The proposed WRA-MF was synthesized on the Xilinx XCVU9P FPGA with an eight-bit fixed-point data representation. The results of the WRA-MF are listed in Table 6, as well as performance comparisons with other accelerators. Compared with the conventional convolution approach [26,27], the area efficiency of this work has a 21.7×–27.55× improvement. This is because the proposed WRA-MF replaces all DSPs with logical resources, resulting in significant increases in the throughput and clock frequency. Compared with works on the sharing method [14,28], the proposed WRA-MF’s area efficiency has a 3.47×–5.63× improvement. These works can reduce the number of DSPs in the filter_loop so that, while improving the throughput, they do not consume excessive resources. However, it is difficult to find the same elements in a small kernel, while small kernels are the trend, which limits the applicability of this method. Compared to the works [8,29,30], which use the Winograd algorithm, this structure can improve the area efficiency by 5.57×, 10.14×, and 6.05×, respectively. The experimental platform Xilinx XCVU9P used by the WRA-MF is the same as in [8]. The platform has powerful DSP computing power that can ensure the high parallelism of the convolution operations in the WRA accelerator.

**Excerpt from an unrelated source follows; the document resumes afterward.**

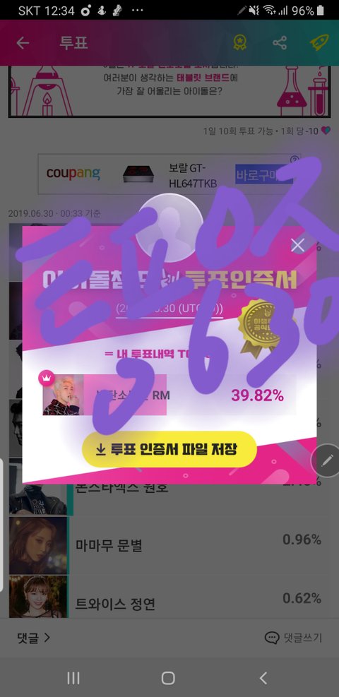 둘다 2위더라구 매일 아챔어플들어가면 쌓이는 포인트로 투표했당

Therefore, the platform is very expensive. With the WRA-WF, the accelerator can be transferred to other low-cost platforms while ensuring the parallelism of the convolution operations. In a word, the proposed WRA-MF has two main advantages. The first point is to eliminate the use of DSPs completely, at the cost of slightly increasing the logic cell. The second point is that, by decoupling the DSPs and convolutional operations, the WRA-MF shorts the critical path of the convolution operations and contributes to significantly promoting the throughput roofline of FPGA-based CNN accelerators. Compared with competitors, the proposed WRA-MF has improved clock frequency, throughput, and area efficiency.

6. Conclusions

This paper proposes a multiplication-free CNN acceleration unit (named WRA-MF) that fuses the Winograd algorithm

F (2 \times 2, 3 \times 3)

and MF-Conv units, achieving complementary performance advantages. The proposed WRA-MF completely avoids the use of DSP blocks. The implementation on the Xilinx XCVU9P FPGA shows that it can run at a clock frequency of 509 MHz, performing 7559 GOP/s throughput. Compared with state-of-the-art works, the WRA-MF achieves up to a 3.47×–27.55× area efficiency improvement.

Author Contributions

Conceptualization, S.X., X.L. and C.Y.; methodology, S.X. and X.L.; software, S.X. and X.L.; validation, Y.M. and J.W.; investigation, S.X.; writing—original draft preparation, S.X. and X.L.; writing—review and editing, S.X. and C.L.; data curation, C.L.; visualization, X.L.; supervision, C.Y. and C.L.; project administration, C.Y.; funding acquisition, C.Y. All authors have read and agreed to the published version of the manuscript.

Funding

This research was funded in part by the National Natural Science Foundation of China under Grant 62176206, and in part by the Shenzhen Park of Hetao Shenzhen–Hong Kong Science and Technology Innovation Cooperation Zone Program under Grant HTHZQSWS-KCCYB-2023040.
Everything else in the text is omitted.